Namun, lanjut Andi, MPG belum bisa menanggapi atau menjawab ketiga laporan tersebut karena MPG harus melalui rapat terlebih dahulu. Sehingga, putusan MPG menjadi hasil rembug pendapat semua unsur MPG. Bagaimanapun, Andi memberi sinyal ada pihak yang tak ingin munas rekonsiliatif terjadi. Andi bungkam ketika ditanya kubu mana yang ia maksud.
"Saya bilang, kalau semua menghendaki munas, ya mereka enggak perlu lapor ke Mahkamah Partai. Saya enggak mau mengatakan itu. Itulah tugasnya hakim. Enggak boleh memberikan pendapat yang belum diputuskan," ujarnya.
Berdasarkan UU Nomor 2/2011, kata Andi, ada enam jenis sengketa partai politik. Namun, hanya satu di antaranya, yakni sengketa kepengurusan partai, yang harus diselesaikan via mahkamah partai yang bersangkutan. Putusan mahkamah partai pun final dan mengikat.
Dengan demikian, lima bentuk sengketa lainnya bisa saja berlarut-larut di pengadilan negeri. Semisal sengketa keanggotaan di partai atau pertanggungjawaban keuangan partai.

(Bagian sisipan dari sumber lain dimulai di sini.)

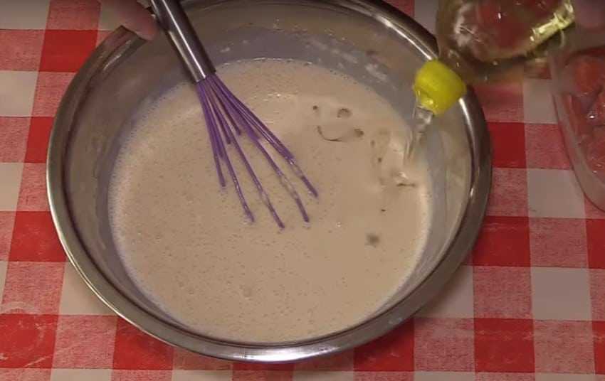 1. Первым делом надо сделать «закваску»: в кефир высыпать соду с сахаром и солью (1 ч. л.), влить подсолнечное масло. Взболтать венчиком, чтобы все ингредиенты растворились друг в друге, и дать минут 10 постоять.

"Kalau sengketa kepengurusan itu berlarut-larut, tak putus di mahkamah partai, harus ke pengadilan, maka partai itu jeblok. Ibaratnya, mobil yang enggak bisa bergerak. Karena yang menggerakkan partai adalah pengurus. Karena itu, sengketa kepengurusan harus diselesaikan secepat mungkin," jelasnya.
"Karena itu, falsafah kerjanya Mahkamah Partai (MPG) bukan membunuh yang satu lalu menghidupkan yang lain. Tapi menyelesaikan sengketa dalam rangka membuat partai itu semakin solid," kata dia menyimpulkan.
Ditanya mengenai kapan MPG akan mengadakan rapat, Andi enggan menjawab. Menurut dia, semua unsur MPG harus memeriksa terlebih dahulu laporan yang diajukan eksponen Munas Riau hari ini, apakah sudah memenuhi persyaratan atau belum.
"Kita berharap Mahkamah Partai jadi untuk semua orang. Kalau saya katakan komentar yang mengecewakan salah satu pihak, nanti putusan Mahkamah Partai berpihak. Padahal, putusan Mahkamah Partai jauh lebih penting daripada sah dan tidaknya yang ada," katanya lagi.